**RECORDS SHOWN**

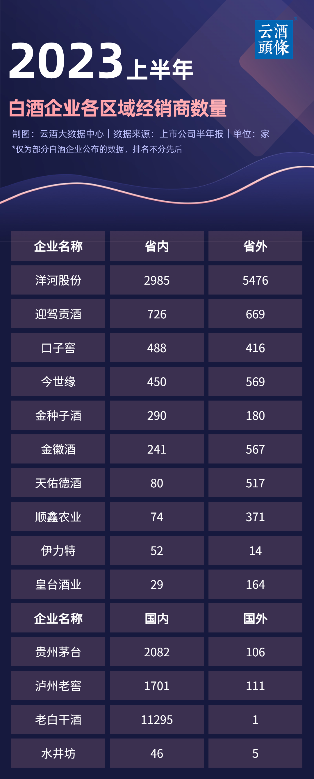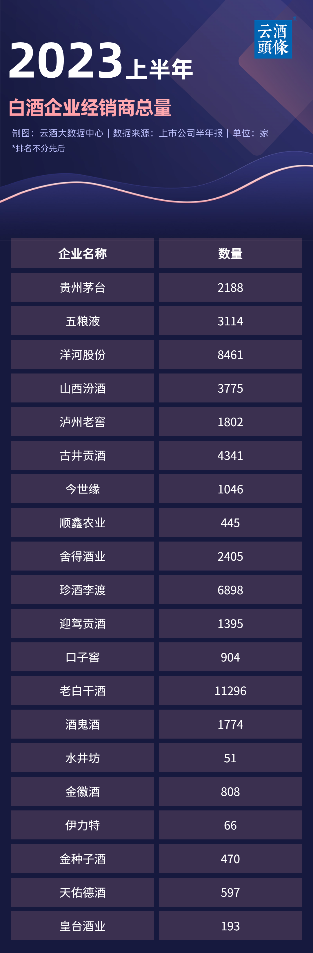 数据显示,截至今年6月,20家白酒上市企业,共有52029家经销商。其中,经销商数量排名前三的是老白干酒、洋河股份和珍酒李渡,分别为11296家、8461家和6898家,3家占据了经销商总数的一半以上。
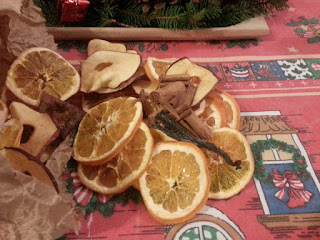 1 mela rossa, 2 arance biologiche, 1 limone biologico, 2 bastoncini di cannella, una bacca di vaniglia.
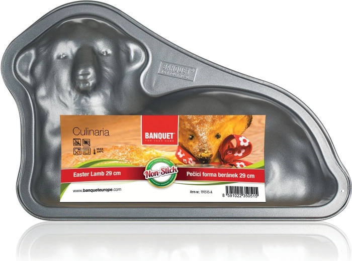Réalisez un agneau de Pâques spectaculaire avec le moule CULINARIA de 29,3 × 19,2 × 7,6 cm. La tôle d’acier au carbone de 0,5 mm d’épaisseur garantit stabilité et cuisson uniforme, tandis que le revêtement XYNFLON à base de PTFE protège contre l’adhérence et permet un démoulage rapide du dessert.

* * *

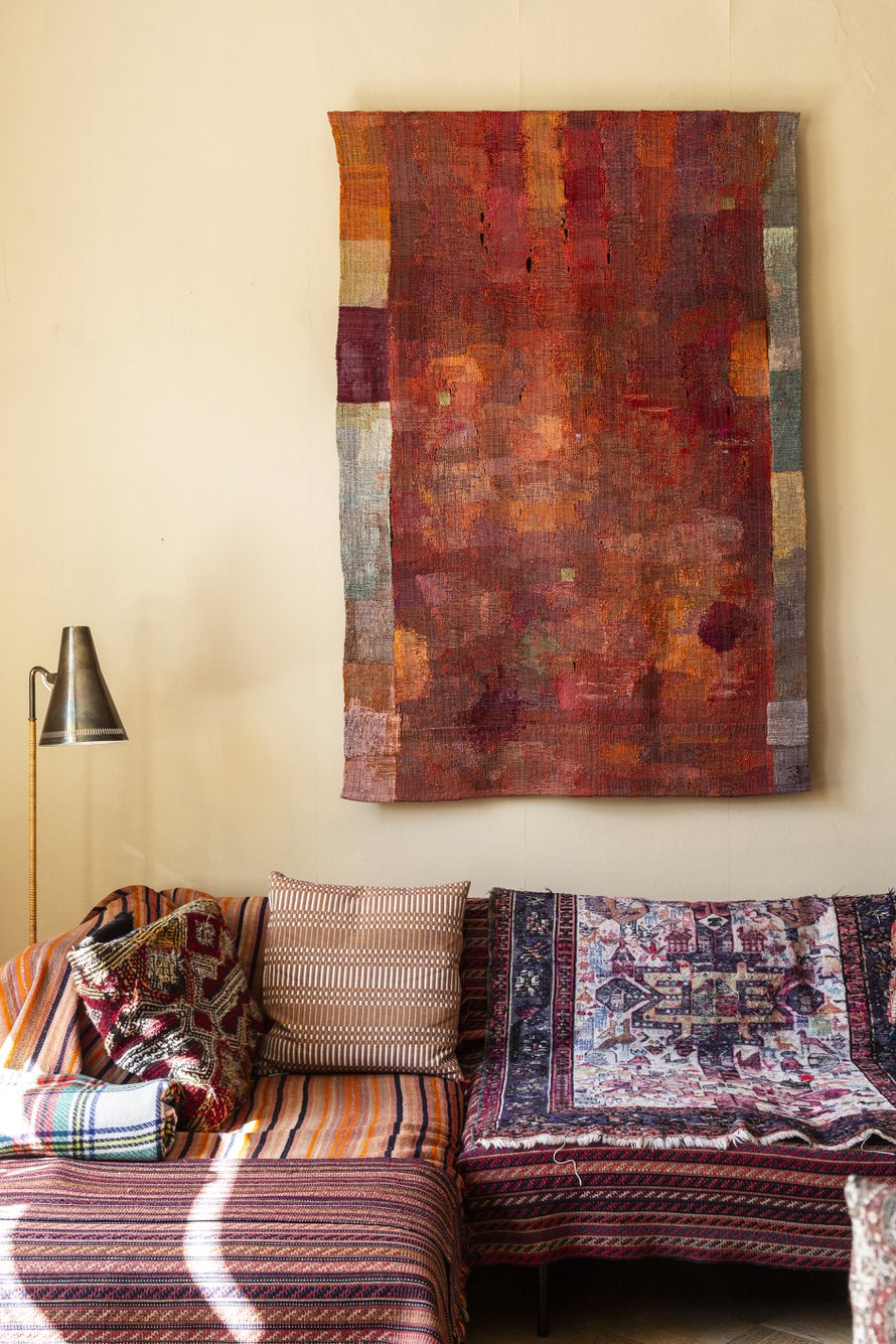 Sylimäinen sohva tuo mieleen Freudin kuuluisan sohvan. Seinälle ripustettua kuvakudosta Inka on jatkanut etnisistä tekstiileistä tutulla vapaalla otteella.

**WHAT TO DO**
Nothing except the lines from the one containing "1 mela rossa, 2" through the one containing "Réalisez un agneau" should appear in the answer, exactly as above and without pictures.

**FINAL ANSWER**
 1 mela rossa, 2 arance biologiche, 1 limone biologico, 2 bastoncini di cannella, una bacca di vaniglia.
Réalisez un agneau de Pâques spectaculaire avec le moule CULINARIA de 29,3 × 19,2 × 7,6 cm. La tôle d’acier au carbone de 0,5 mm d’épaisseur garantit stabilité et cuisson uniforme, tandis que le revêtement XYNFLON à base de PTFE protège contre l’adhérence et permet un démoulage rapide du dessert.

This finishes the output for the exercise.